2025/11/24
「AIはズルじゃない」──エコノミスト・崔真淑が語る、AI格差を乗り越える方法

「AIを使うのはズルじゃない。堂々と使っていい」──エコノミストとして活躍する崔真淑さんは、力強くそう語ります。
複数の企業で社外取締役や顧問を務め全国で講演活動を行う傍ら、3歳のお子さんを育てる母でもある崔さん。「AIがないと家庭も仕事も回らない」というほどAIをフル活用している崔さんに、企業のAI導入の現状や格差の問題、また女性特有のAI活用の心理的ハードルとその乗り越え方について伺いました。
<プロフィール>
ファイナンス研究者/エコノミスト 崔真淑(さい・ますみ)
専門はコーポレート・ファイナンスで、ジェンダーとコーポレート・ガバナンスの交差領域でも研究・執筆。株式会社グッド・ニュースアンドカンパニーズ代表取締役、上場企業の社外取締役。AbemaTV、NHK「日曜討論」、テレビ朝日「報道ステーション」、フジテレビ「Live News α」などで経済解説を務める。代表論文に、京都大学・山田和郎准教授との “Does Passive Ownership Affect Corporate Governance? Evidence from the Bank of Japan's ETF Purchasing Program”都市と地方で広がる、企業のAI導入格差

ーー現在の活動について教えてください。
エコノミストとして、コーポレートファイナンスを専門にしています。現在は複数の企業で社外取締役や顧問をしており、経営者の方とお話しする機会が非常に多いですね。中小企業から大企業まで、幅広い企業の経営課題に向き合っています。
また、全国各地で講演活動も行っています。東京のような大都市圏だけでなく、地方の製造業や建設業、第一次産業の企業を訪問しています。
ーー地方から都市部までさまざまな業種の企業を訪問される中で、企業のAI導入についてはどう感じていらっしゃいますか?
都市部では、中小企業も大企業も「導入しないと」という焦りはあると感じます。東京の大企業や、IT・テック系のスタートアップは導入が進んでいますね。

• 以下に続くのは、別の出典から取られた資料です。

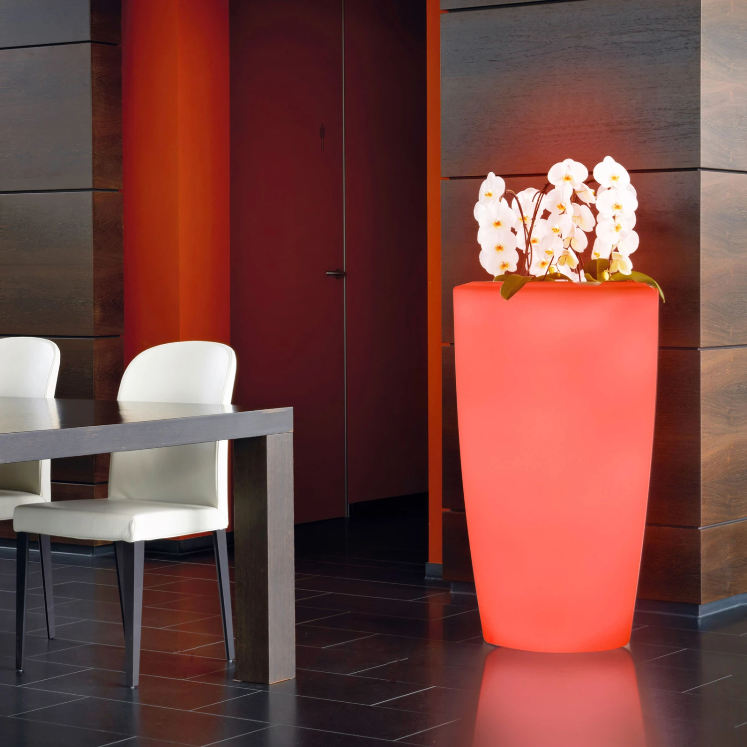 Rovio IV besticht mit einer runden Silhouette und wirkt unbeleuchtet schon sehr dekorativ, zumal, wenn sie mit schönen Pflanzen bestückt wurde. Wenn dann die Beleuchtung eingeschaltet wird, hat man die Qual der Wahl, was die Lichtfarbe angeht. Rovio IV ist mit zwei RGB- und CCT-Leuchtmitteln ausgestattet, die vom Anwender ausgetauscht werden können. Die Einstellungen können stufenlos mit der im Lieferumfang enthaltenen Fernsteuerung vorgenommen werden. Auch die Lichtintensität kann stufenlos gedimmt werden.

非常に温度差を感じるのは地方です。地方で講演をすると、特に第一次・第二次産業が多い地域では、「ChatGPT使ってますか?」と聞いてもみんなぽかんとされるんですよね。
第三次産業や一部の製造業の企業では、「テクノロジーを活用していかないと!」という危機感を持っている企業もありますが、多くは「それ、うちに関係あるの」という反応で、導入のムーブメントがほとんどありません。

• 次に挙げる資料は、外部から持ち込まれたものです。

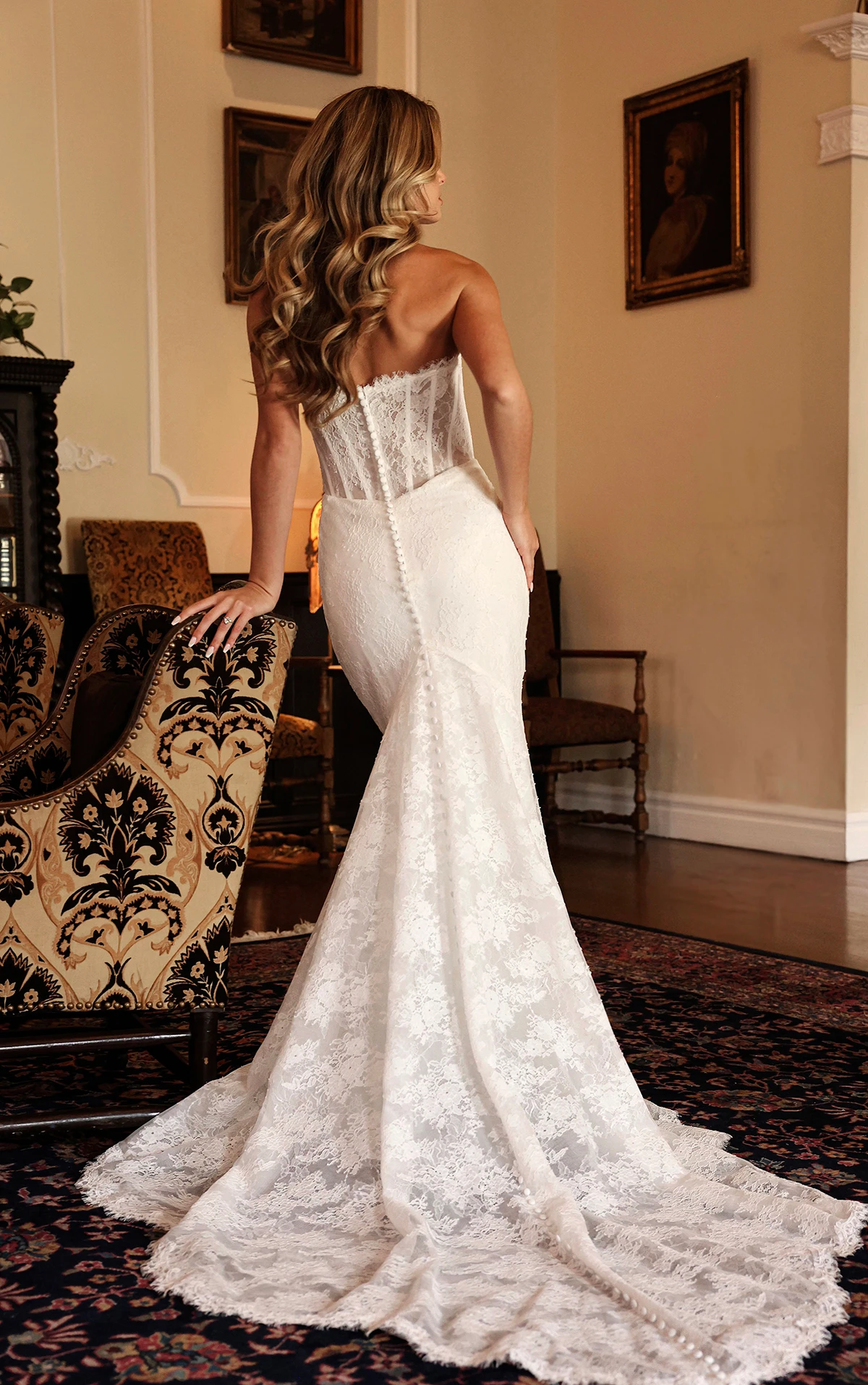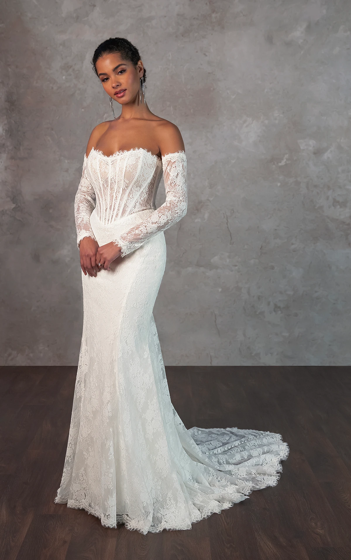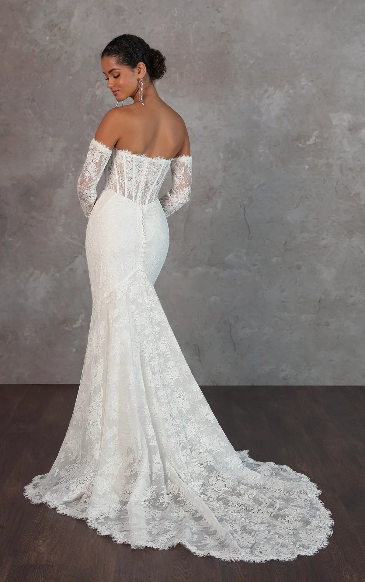 Style D4287 seamlessly fuses timeless elegance with contemporary charm, creating a bridal look that is both captivating and refined. The strapless sweetheart bodice, adorned with delicate eyelash lace trim, showcases exquisite couture craftsmanship with its exposed boning and sheer details. For added versatility, detachable sheer lace sleeves offer a touch of romance and drama. The allover Chantilly lace column silhouette drapes effortlessly, tracing every curve for a stunning effect. Designed for the modern bride with a love for classic beauty, this gown ensures an unforgettable walk down the aisle. This gown is also available in plus sizes.

ーーAI導入の波は、まだまだ都市部が中心ということですね。
そうですね。ただ都市部のAI導入済みの企業でも、活用できている企業とそうでない企業の格差が大きいです。「導入したけど使われない問題」がかなり多発していると感じます。
メールひとつ書くにしても「自分でやったほうが早い」という思い込みがあったり、良いお手本が社内で共有されていなかったり。導入後のフロー設計がセットになっていないことがネックになっているのだと思います。
「ズルしちゃいけない」が、女性をAIから遠ざける

ーーでは、性別によるAI活用の格差を感じることはありますか。
非常に感じます。「AIを使っている」という日本人女性は男性の半分くらいというデータがあるのですが、日本の場合、「女性は非正規雇用が多いからそうなるのかな」と最初は思っていたんです。しかし実は、アメリカやヨーロッパでも同じような研究結果が出ており、「同じ学歴・同じ職種でも、優秀な女性ほど男性よりAIを使っていない傾向がある」と報告されています。
なぜなら、女性の方が「ちゃんとしなさい」「ズルするな」と言われて育つ機会が多いから。AIがまだ完全に浸透していない今の段階だと、「AIを使うのはチート」「努力を怠っているし」と感じやすいという内容でした。

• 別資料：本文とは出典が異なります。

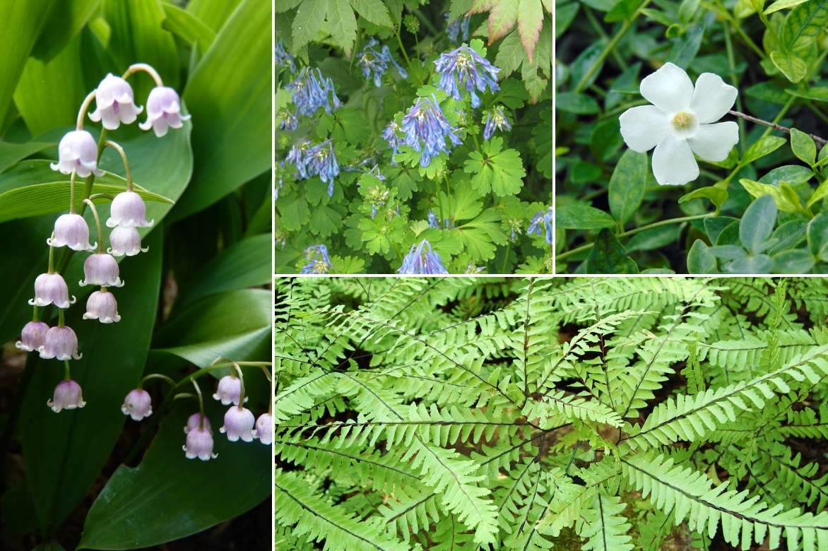 Un autre exemple d’association : Convallaria majalis ‘Rosea’, Corydalis flexuosa ‘Purple Leaf’, Vinca minor ‘Gertrude Jekyll’, Adiantum aleuticum ‘Imbricatum’ (photo InAweofGod’sCreation)

これは女性に話すと非常に共感されるのですが、男性に話すと「え?」という顔をされることが多いですね。
ーー崔さんご自身もそのような感覚を持たれたことがあるのでしょうか。
私自身もいかにもAIっぽい出力は消したり直したりすることもあったので、「AI使っています」と堂々と言いづらい気持ちはよくわかります。
でもある時、東京大学の先生と仕事をしていて、「これAI使っていいんですか?」と聞いたところ「バンバン使って!」と言われて。「あ、いいんだ」と思ってからはアウトプットも早くなり、質問力も上がった実感があります。
社内でも社会全体でも、「AIを使っていいんですよ」と背中を押してあげることが、女性には特に大事なのかなと思います。
エコノミスト×母として、AIとともに生きる日々

ーー仕事だけではなく、日常生活でもAIを活用されていますか。
はい、もはや家庭もAIがないと回らないくらい使っています。
例えば、夫婦関係で困って一度頭の中を整えたいときに「心理学のエビデンスに詳しい臨床心理士として答えてください。私は今こういうことで悩んでいます。夫にどう言えばいいですか?夫のこの発言は深読みしなくていいですか?」と聞いたりして。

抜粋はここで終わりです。